If Miller is compromised, Tyler Webb, who mostly had a strong season in 2019, would be the primary lefthanded reliever. Webb seems to be a perfect fit for the new rule whereby relievers have to face at least three batters. He was first among all major-league pitchers in lowest batting average against by lefthanded hitters at .157 and he was fifth among lefthanders against righthanded batters at .189.

Lefthander Genesis Cabrera, who can throw in the high 90s, could be a factor if he reaches form after being sidelined by a pair of positive tests for coronavirus. And southpaw Austin Gomber, thought of mostly as a starter, relieved some for the Cardinals in 2018.

Korean lefthander Kwang Hyun Kim was signed to a two-year contract with the understanding that he might relieve and start. Then there is Brett Cecil, who on the final year of his $30.5 million, four-year contract, indicated he was healthy this spring although still without a plus fastball. He suffered a hamstring injury in the next-to-last spring game but seems to have overcome that and thinks he is better able to compete because of his new sidearm delivery.

From the right side, there is even more depth, although that was compromised when on Monday Jordan Hicks — he of the 100 mph-plus fastball and two varieties of sliders — opted out of the season due to his risk level to coronavirus as a Type 1 diabetic. He was going to be out until August, anyway, as he worked his way back from Tommy John elbow surgery.

Giovanny Gallegos, who was delayed in reporting to summer camp, was an outstanding setup man last season, allowing just 44 hits and 16 walks in 74 innings while striking out 93 and holding opponents to a .170 batting average.

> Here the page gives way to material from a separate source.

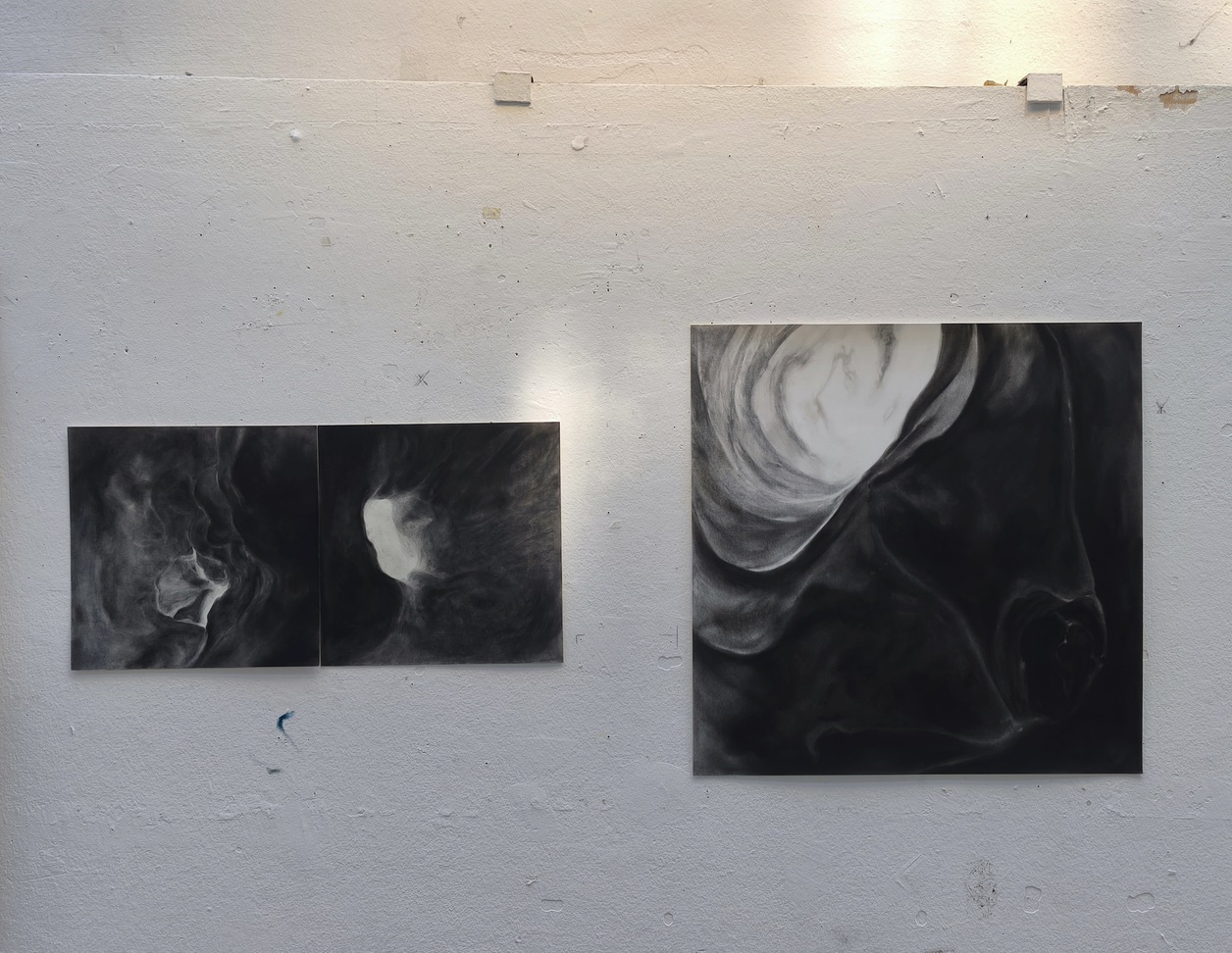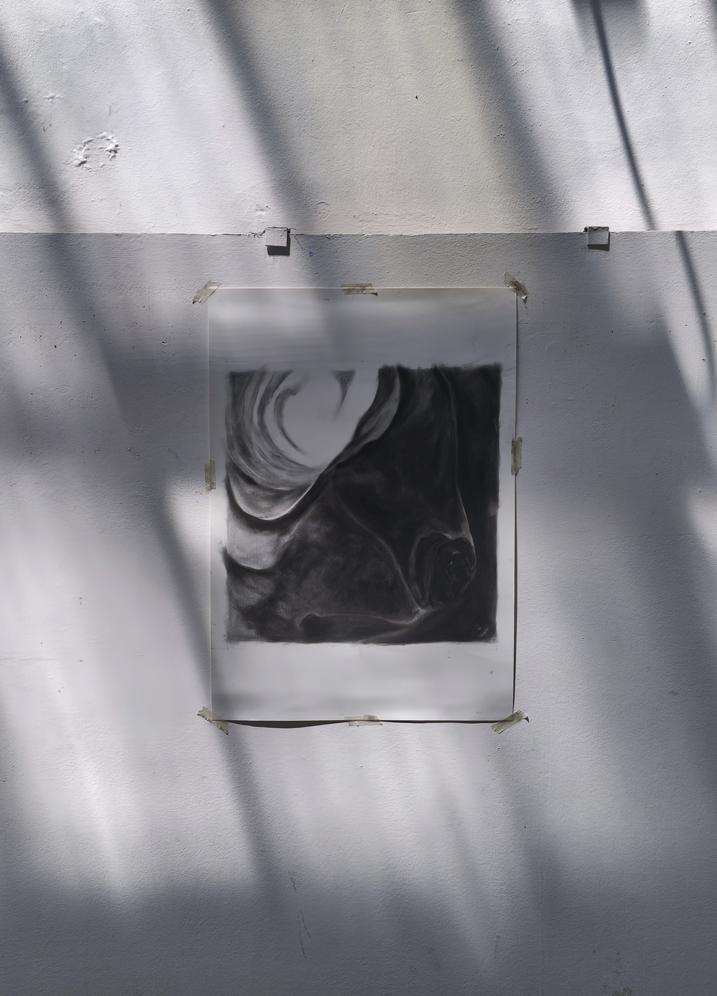 The notions of entry and exit within my visual research are articulated through a carefully constructed stratification of dark tonalities, which function as progressive indicators of spatial depth. This spatial articulation begins with the application of charcoal—used to establish an initial tonal groundwork across the surface. These foundational layers serve not only as a backdrop but as an atmospheric base upon which subsequent tonal shifts can emerge.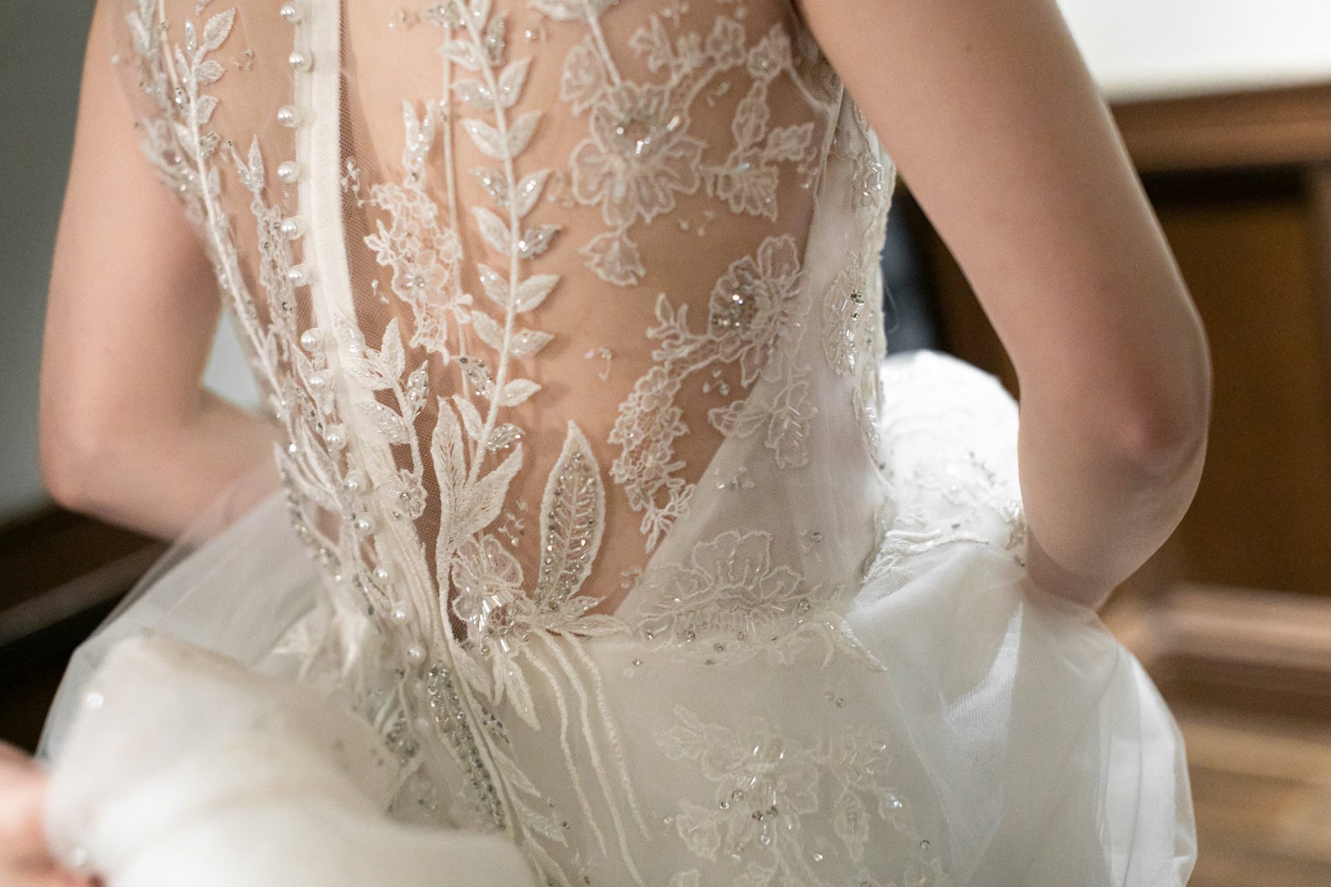Reem Acra(リーム・アクラ)のブランドコンセプトは、“Modern Cinderella(モダン・シンデレラ)”。ロマンティックでクラシック、でも偏ったイメージになりすきず、ファッショナブルであってほしい。プリンセスではなくクイーンになれるような、そんなブライズスタイルが叶うのがこのブランドです。女性らしい柔らかさと芯の強さを持つ新婦様に、お似合いになりそうとおすすめさせていただいたのがこのウェディングドレスでした。お背中に施されたインド刺繍と細やかなビーディングが、この日を祝福してくれるかのようにきらきらと輝きます。Reem Acra(リーム・アクラ)自身が書き起こした刺繍のデザインに合わせて、インドの職人が時間をかけて一針一針丁寧に施すからこそ、この繊細な輝きが実現するのです。デザイナーのこだわりと想いが込められた1着です。

Former independent league pitcher John Brebbia had put together three solid seasons, but he’s out after Tommy John surgery this spring.

John Gant scored 11 wins in relief last season. Ryan Helsley is capable of throwing 100 miles an hour and has a breaking ball, too. Helsley, who was on the postseason roster last season, is considered starter material down the line if he gets a third pitch, but he might be the closer at the start of the season.